Дальше, по принципу полифонии, эта проблема разворачивается перед нами в совершенно ином ракурсе. Всепрощение Луки глушат слова Сатина-Гавенониса, жгучие, как водка, которую он предлагает вам пить «за человека» (кому-то из зрителей и впрямь придется выпить с Гавенонисом на брудершафт): «Человек — это звучит гордо! Я — арестант, убийца, шулер!» Оказывается, эти цитаты неотделимы друг от друга. Я горд, я свободен, поэтому я могу себе позволить не пожалеть ни другого, ни себя. Хватит жалеть, прощать, замалчивать. Плевать на все табу и комплексы. Вы же человеки, так не оправдывайте и не приукрашивайте никого, умейте сказать: «Он никто; я никто», «Он не будет счастлив; я не буду счастлив».
{-tsr-}Финальные слова спектакля звучат из уст уже умершего Актера, которому Коршуновас позволил после смерти стать уже не могильщиком, но Гамлетом.
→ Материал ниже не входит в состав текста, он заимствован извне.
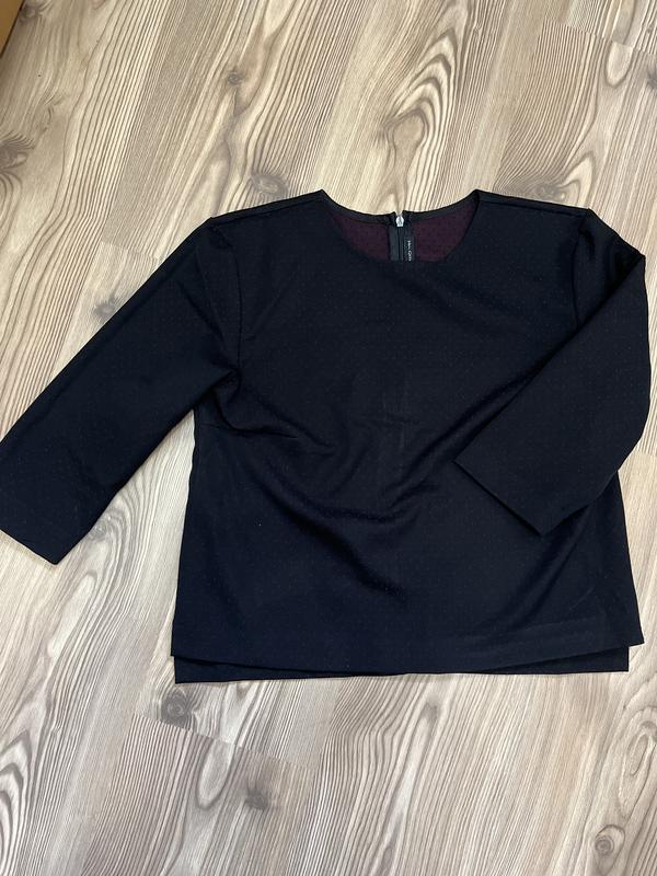 Розмір 40, укорочений. Класно виглядає з чорною спідницею або брюками на високу посадку.

Погибнув, он карабкается под потолок, заставляя еще раз вспомнить и о «К.И.», и о белой лестнице Гинкаса. Душа висельника петляет среди громоздящихся завалов пластиковых коробок, теряясь в безóбразной кубистской массе. В черных руинах Эльсинора Актер декламирует монолог о Гекубе — безжалостные стихи, полные унизительной саморефлексии, презрения к себе свободного и прямого человека.
Страшно быть гордым.
Страшно быть честным.
Страшно быть свободным.
Каждый имеет право никого не жалеть — в том числе самого себя.